Ask HN: Looking for a good platform for mobile web app - eyalfx

Can you guys recommend a platform that will make life easier to develop simple mobile web apps for iOS and Android? I was looking at Sencha, but I know there are quite a few others. Also, what's an easy payment option to integrate?
Tnx
======
eyalfx
From a quick look it seems like phonegap is used for making appStore apps. I
was thinking of building a mobile web browser app. That's why I was looking at
Sencha, which apparently uses phonegap to access data on the phone.
[http://www.sencha.com/learn/Tutorial:A_Sencha_Touch_MVC_appl...](http://www.sencha.com/learn/Tutorial:A_Sencha_Touch_MVC_application_with_PhoneGap)

------
britman
Just to add a combination of jquerymobile and phonegap has allowed us to
deliver native iphone, ipad, android and mobile web app from the same
codebase.
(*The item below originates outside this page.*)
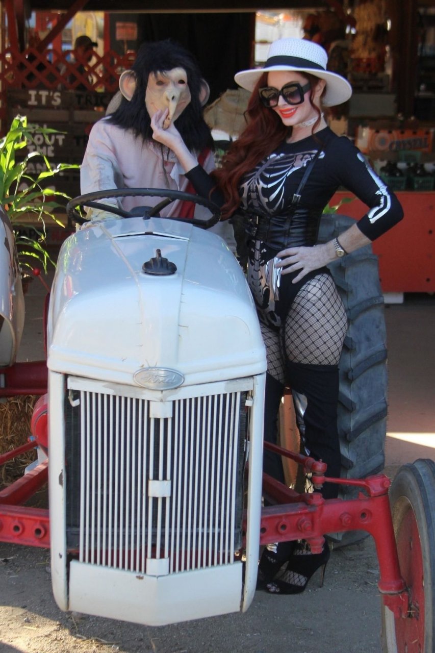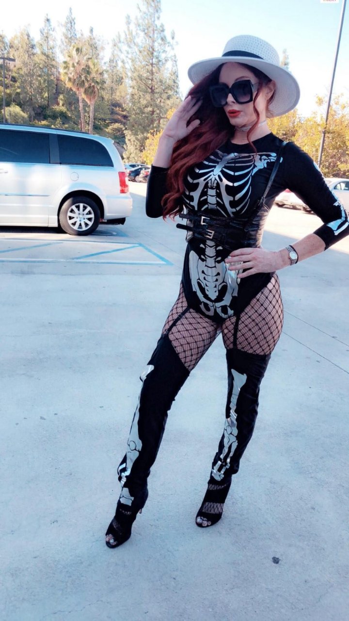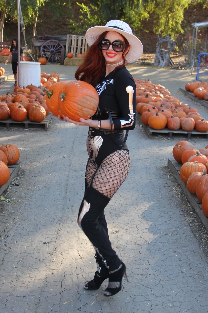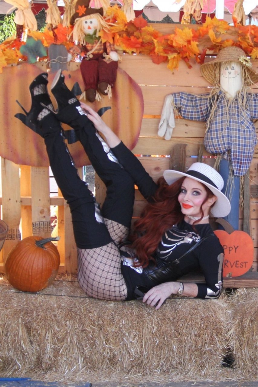 La actriz Phoebe Price fue vista posando como un esqueleto en el campo de calabazas en Los Ángeles, 17/10/2018.

Pretty sweet.

------
nextparadigms
Maybe this will help, too:

<http://html5boilerplate.com/mobile/>

------
olalonde
Check out <http://www.phonegap.com/>

------
mdolon
jQuery Mobile is very easy to pick up and pretty efficient for simple apps:
<http://jquerymobile.com/>

------
dreamdu5t
If you're used to web development and in specific manipulating the DOM with
jQuery, then you might be more comfortable with jQuery Mobile.

If you're a programmer who's experienced with MVC and building native
applications, then go with Sencha Touch.

Sencha/Ext is far more robust than jQuery Mobile, and in an object-oriented,
programmatic fashion defines your application, with Sencha taking care of the
DOM for you.

I highly recommend this tutorial to get a feel for how Sencha's MVC works:
[http://www.sencha.com/learn/Tutorial:A_Sencha_Touch_MVC_appl...](http://www.sencha.com/learn/Tutorial:A_Sencha_Touch_MVC_application_with_PhoneGap)